┌─ Data for this task

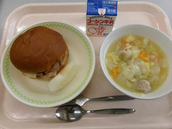 | 7 (火) | 照り焼きチキンサンド 野菜のスープ煮 梨 牛乳 | |
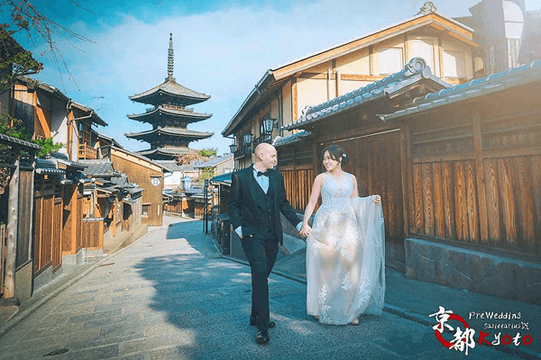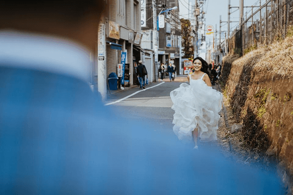 ▲穿著白紗的新娘奔向新郎,背景是樸實的日本街景,紀錄屬於兩人的甜蜜故事。
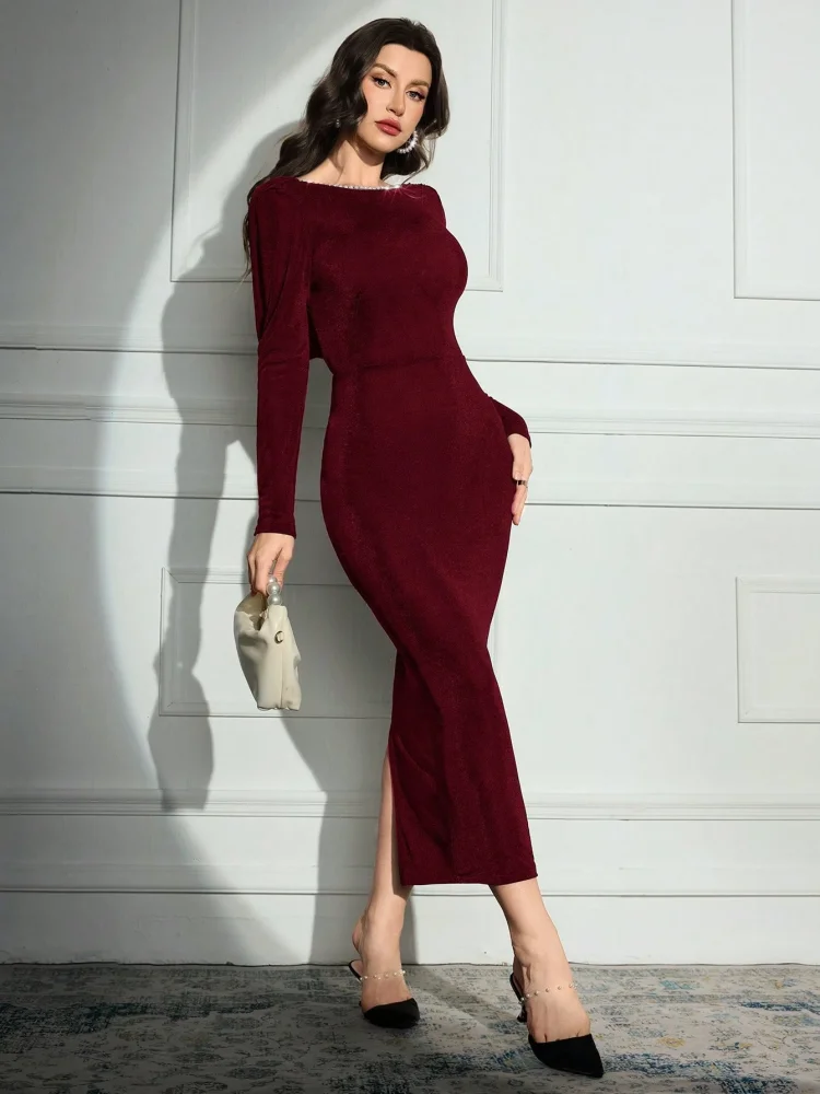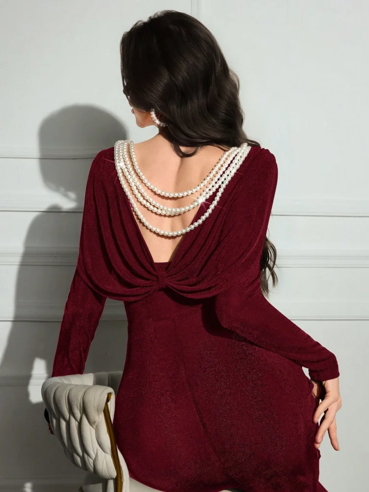 فستان أنيق مصنوع من القماش المقلد مزين باللؤلؤ وأكمام طويلة
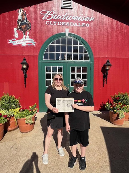 Treasa Pence and her grandson Lucas Pence of Stronghurst, took "The Quill" along on their trip to St. Louis to Grant’s Farm recently to see the world famous Budweiser Clydesdale horses. When you go on a trip, take The Quill along and have your picture taken with it and send it to us. Let's see where all The Quill can travel!
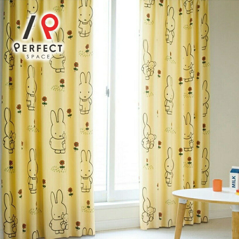 ミッフィー カーテン 1級遮光 遮光カーテン 99.99% おしゃれ 洗える 防炎 オーダーカーテン オーダー 2枚セット 1枚 国内縫製 子供 キッズ 女の子 女子 娘 イエロー
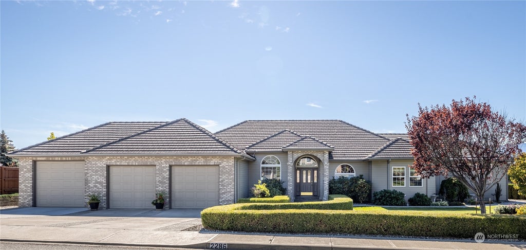 Nearly 3000 square feet, all on one level, situated on a very private .80 acre lot. Beautiful views from the property. Inground pool. Granite and tile kitchen surfaces, stainless appliances. Large primary suite with and extra room that could be home office or gym. Large formal living room with fireplace, family room off the kitchen. Two dining areas. Two bedrooms on opposite end of the house from the primary suite, plus a custom office space with desk. The grounds are beautifully manicured, with perimeter hedges, garden space, and automatic sprinkler system

└─

Exercise brief >> Produce the lines from the first line of the entries through the line that contains "Treasa Pence and", exactly, leaving the pictures behind.

Solution for this task >>
 | 7 (火) | 照り焼きチキンサンド 野菜のスープ煮 梨 牛乳 | |
 ▲穿著白紗的新娘奔向新郎,背景是樸實的日本街景,紀錄屬於兩人的甜蜜故事。
 فستان أنيق مصنوع من القماش المقلد مزين باللؤلؤ وأكمام طويلة
 Treasa Pence and her grandson Lucas Pence of Stronghurst, took "The Quill" along on their trip to St. Louis to Grant’s Farm recently to see the world famous Budweiser Clydesdale horses. When you go on a trip, take The Quill along and have your picture taken with it and send it to us. Let's see where all The Quill can travel!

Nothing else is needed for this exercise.